Calculate the pH of the following buffer solution that resulted from 125ml of 0.1M NH3 with 250ml 0.1 M NH4Cl ( for NH3, Kb= 1.76x10^-5)

Use the Henderson-Hasselbalch equation. NH4Cl is the acid and NH3 is the base.

Does that mean that I do not need to do an ICE table but just use the HH equation?

To calculate the pH of a buffer solution, we need to use the Henderson-Hasselbalch equation:

pH = pKa + log([A-]/[HA])

In this case, NH3 acts as a base (A-) and NH4Cl acts as its conjugate acid (HA).
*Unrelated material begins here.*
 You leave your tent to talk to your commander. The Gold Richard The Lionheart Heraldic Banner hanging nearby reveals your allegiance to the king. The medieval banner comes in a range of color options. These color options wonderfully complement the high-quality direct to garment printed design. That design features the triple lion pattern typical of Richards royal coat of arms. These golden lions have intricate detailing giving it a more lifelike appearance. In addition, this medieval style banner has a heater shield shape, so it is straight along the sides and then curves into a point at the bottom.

First, we need to calculate the concentrations of NH3 and NH4Cl in the final buffer solution.

For NH3:
Initial concentration = 0.1 M
Volume = 125 mL
Final concentration = (Initial concentration * Volume) / Total volume
= (0.1 M * 125 mL) / (125 mL + 250 mL)
= 0.0333 M

For NH4Cl:
Initial concentration = 0.1 M
Volume = 250 mL
Final concentration = (Initial concentration * Volume) / Total volume
= (0.1 M * 250 mL) / (125 mL + 250 mL)
= 0.0667 M

Next, we need to calculate the pKa of NH4Cl to determine the value of Ka.

pKa = -log(Ka)

Given that the Kb of NH3 is 1.76x10^-5, we can use the relationship:

Ka * Kb = Kw (the ion product constant for water)
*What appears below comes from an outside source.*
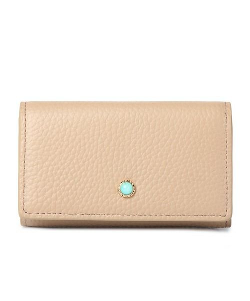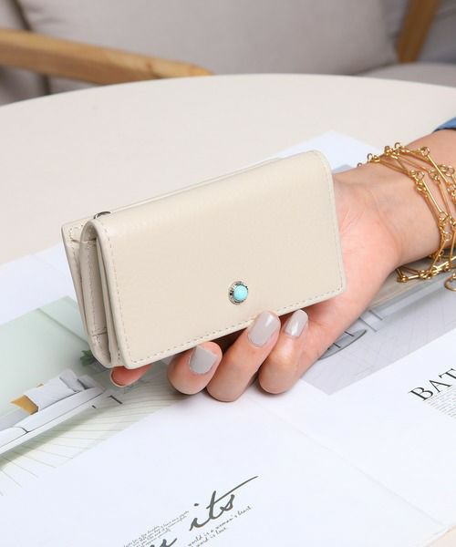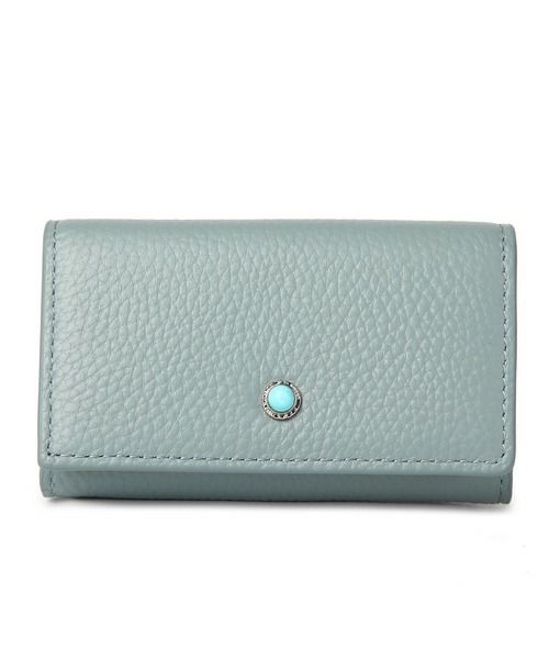 牛革天然石ブローチ L字ファスナーポケット付きキーケース

Ka = Kw / Kb = (1.00x10^-14) / (1.76x10^-5)
= 5.68x10^-10

pKa = -log(5.68x10^-10) ≈ 9.244

Now we can substitute the values into the Henderson-Hasselbalch equation:

pH = pKa + log([A-]/[HA])
= 9.244 + log(0.0333 M / 0.0667 M)

Calculating the ratio [A-]/[HA]:

[A-]/[HA] = 0.0333 M / 0.0667 M
= 0.5

Substituting the values into the equation:

pH = 9.244 + log(0.5)
≈ 9.244 + (-0.30)
≈ 8.94

Therefore, the pH of the buffer solution is approximately 8.94.